For copying artwork, almost any LF camera will do the trick for you - assuming that it has sufficient bellows draw for the lens being used and the working distance. If you set things up correctly, you won't need any movements. Other uses for the camera, however, may mandate other features. To maintain even lighting and controlled color temperature, however, you may find that getting a couple of electronic flash units advantageous.

As to lens choices, modern multi-coated APO lenses are a safe bet. But, you could easily get by with older lenses that are highly color-corrected (APO or near-APO), too. Note that a major function of multi-coating is to reduce flare - a situation that will be under your control when copying artwork. Multi-coating will, however, provide greater flexibility for other uses.

Ernest Purdum
28-Dec-2006, 09:47
You are going to get some recommendations that you buy a book before buying a lot of (comparatively) expensive equipment. That's very good advice.

There are many earlier lens and camera combinations which would well accomplish what you have in mind. The MPP is neither the lightest, nor the most convenient, but is a fine tool that would do all you have in mind. A good compromise, I think.

Multicoating has to do with avoiding flare and reduced contrast. It isn't a necessity for good color rendition. Single coating with careful lens shading will do fine.

Unless your lens works at a rather wide angle, you need a minimum of 150mm to cover 4" X 5" at infinity focus. with hopefully some extra coverage to allow use of movements.

One of the many affordable lenses is the 203mm Ektar. It would do your copying work well.

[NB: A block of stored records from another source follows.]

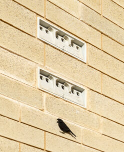 Un mur en « parpaings d’argile », blocs creux à base de ciment d’argile non calcinée locale, confère au préau une intimité et atténue les nuisances acoustiques de la circulation routière.
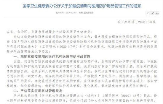 中国网财经2月4日讯 据国家卫健委网站消息,为切实做好新型冠状病毒感染的肺炎疫情防控工作,最大限度合理有效使用医用防护用品,国家卫生健康委办公厅印发了关于加强疫情期间医用防护用品管理工作的通知,就加强医疗机构疫情期间医用防护用品管理提出具体要求。
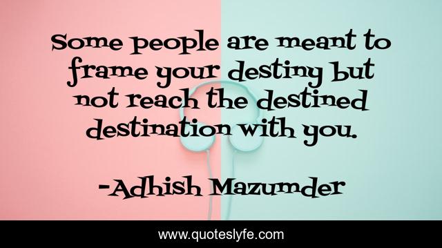 This page presents the quote "Some people are meant to frame your destiny but not reach the destined destination with you.". Author of this quote is Adhish Mazumder. This quote is about lessons, separation, life, pain, destiny, people, destination, hurt, breakups,.
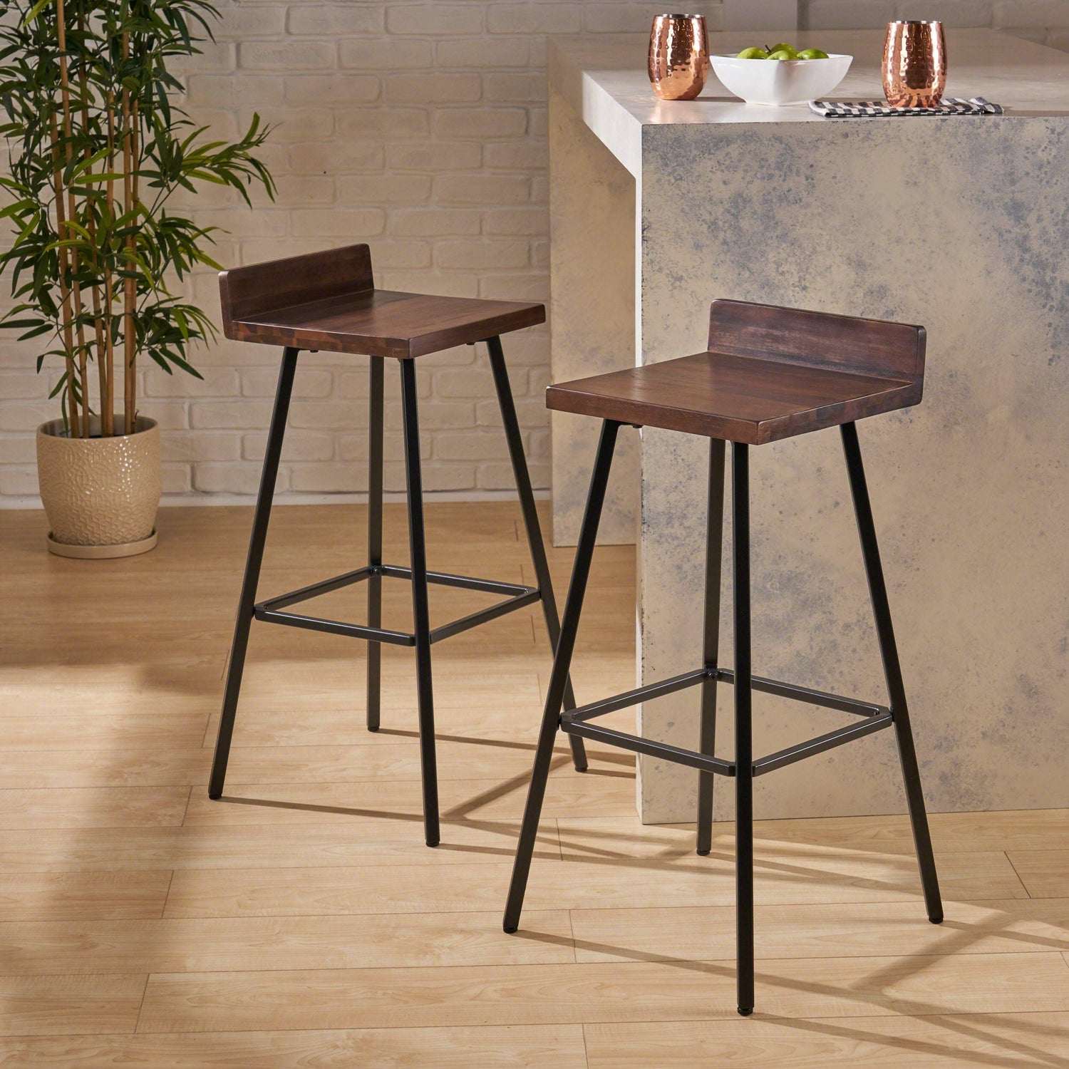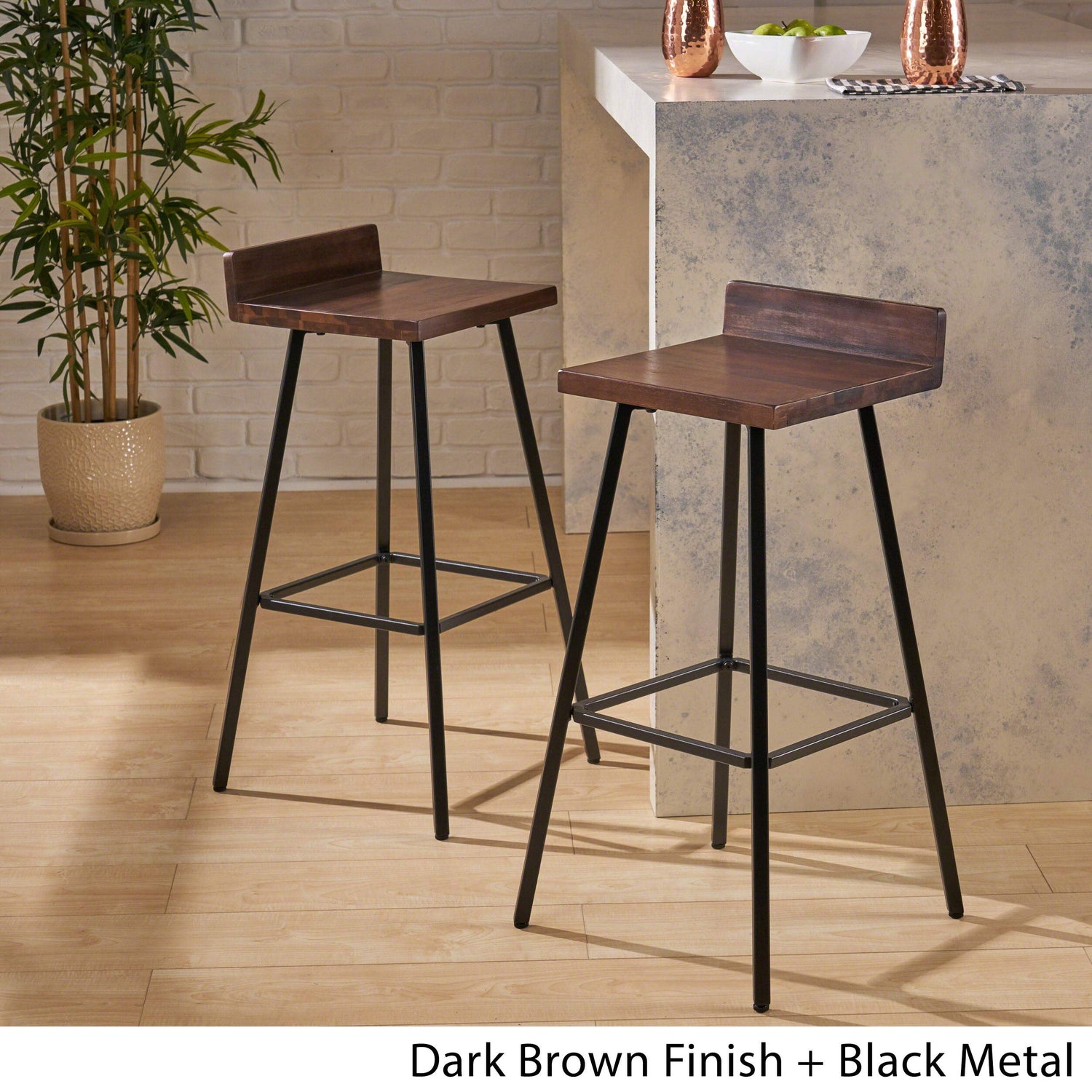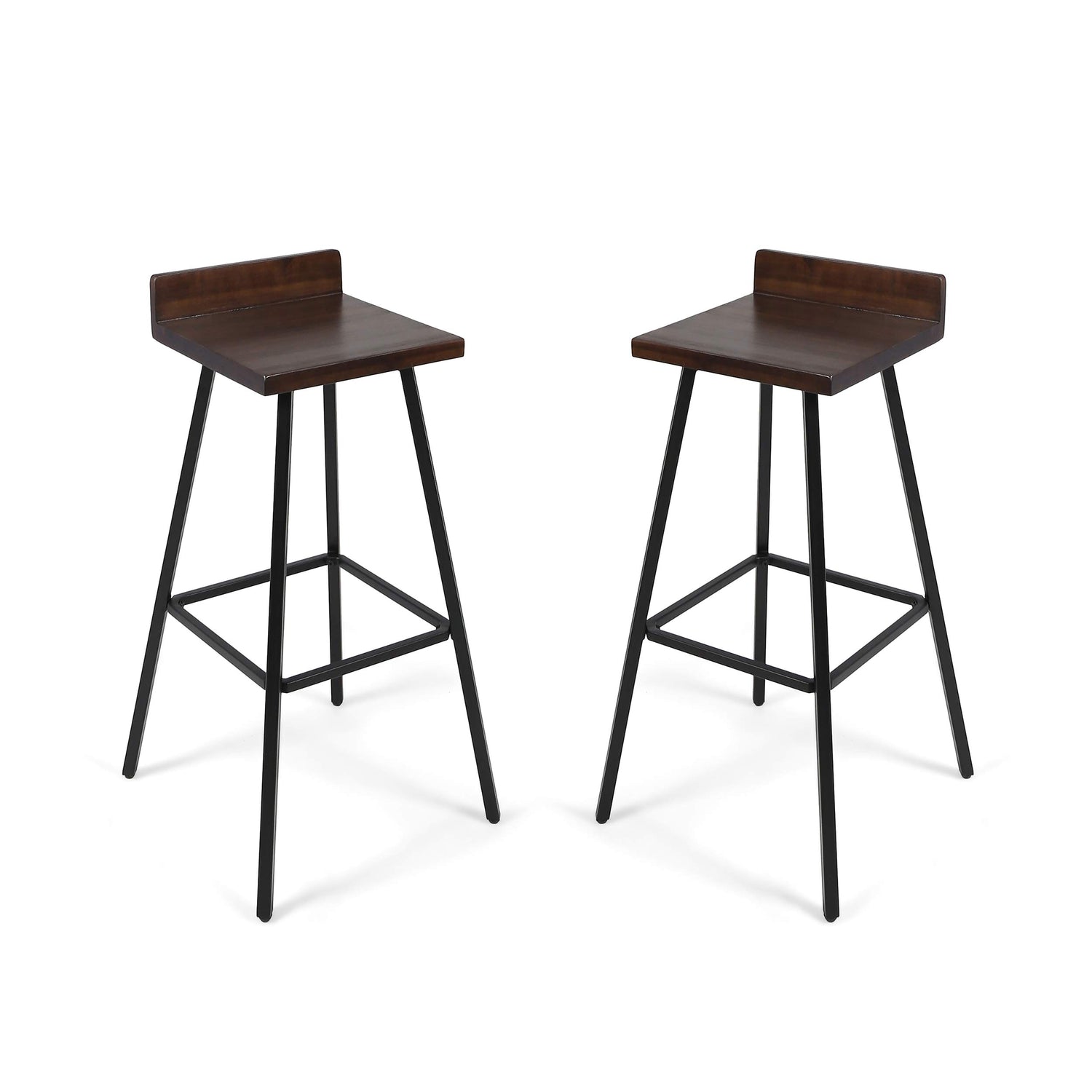 Details: No matter what your style happens to be, This sleek pair of acacia wood and iron bar stools exude class and add a sense of upscale appeal to any room or living area. leg material: Iron leg finish: Black .

Some people would prefer a shorter length for landscapes, but this is a very personal matter.

Ernest Purdum
28-Dec-2006, 09:57
I see no one has yet chimed in with specific book recommendations, so here they are:

Shaman "The View Camera"

Simmons "Using the View Camera"

Stone "A user's Guide to the View Camera"

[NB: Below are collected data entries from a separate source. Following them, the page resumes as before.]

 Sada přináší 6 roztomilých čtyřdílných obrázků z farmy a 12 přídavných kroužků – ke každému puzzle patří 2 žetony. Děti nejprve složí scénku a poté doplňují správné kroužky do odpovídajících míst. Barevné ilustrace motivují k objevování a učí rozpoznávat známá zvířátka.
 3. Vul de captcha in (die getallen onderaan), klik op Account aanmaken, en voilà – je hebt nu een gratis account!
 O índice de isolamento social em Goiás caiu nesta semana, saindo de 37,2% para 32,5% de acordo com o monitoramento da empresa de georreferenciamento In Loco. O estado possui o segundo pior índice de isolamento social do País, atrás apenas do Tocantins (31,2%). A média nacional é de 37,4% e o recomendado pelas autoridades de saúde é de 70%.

Stroebel "View Camera Technique"

Try a library first.

All of these are very worthwhile. The last is a little controversial. It is the most thorough, and gthe mos t expensive, but meny complain it is less readable than the others.

Brian Ellis
28-Dec-2006, 10:00
If you're going to be doing primarily field work I'd suggest that you get a camera designed for that purpose, i.e. a field camera that is relatively light (6lbs or less), that sets up easily and quickly (most field cameras), and that is reasonably compact. A Tachihara or a Shen Hao makes a nice starter camera for landscape, exteriror architecture, and most kinds of general purpose photography. They both sell new for about $600. Or you can find them or another similar camera used for less. There are quite a few older used cameras on ebay all the time (e.g. Burke and James, Korona, used Wistas, etc.) that typically sell in the $500 - $700 price range. I'm not a big fan of the Speed Graphic/Graflex/Crown Graphic line of cameras for LF photography because of their limited movements but they are inexpensive and some people like them.

I'd suggest that you read some of the camera reviews on this web site to get an idea of what features might be important to you. There are many, many different LF cameras that probably would be suitable, it's mostly a matter of finding one that fits your initial needs. But don't worry too much about it, if you stick with LF photography it's unlikely that your first camera will be your last. The most important thing is to get started making photographs.

Coatings primarily affect flare. I don't use slide film but I've never noticed any major difference between the single coated and a multi-coated lenses I've owned. To the extent that a single coated lens might be more prone to flare you can deal with that by using a lens shade in high-flare potential situations. The main problem with older lenses is often the shutter, not the glass. You'll generally be safer with a modern Copal shutter than with the older Compurs, Betaxes, etc. If you buy a used lens make sure the seller can give you some assurance that the shutter works as it should, that the times are accurate (especially 1/30 and less since those are the times you'll most often use), that nothing is sticking, that it opens and closes properly on "B" and "T" settings (if it has both), that kind of thing.

Jim Noel
28-Dec-2006, 10:19
AN extremely lightweight monorail with a rail long enough to do the work you need is a Sinar Alpina. Except for the rail shape, it is a SInar F and they are often available in the $225 - 275 range. They tak all Sinar bellows, lensboards, etc and has all corrective movements.

steve simmons
28-Dec-2006, 10:22
Do I use Dark Slides?


This indicates to me that you know very little about large format. I would strongly suggest picking up one of the recommended books before buying anything. Also, if you are serious about copying paintings I would stay with a new multi-coated lens, something in the 210-240mm focal length for 4x5.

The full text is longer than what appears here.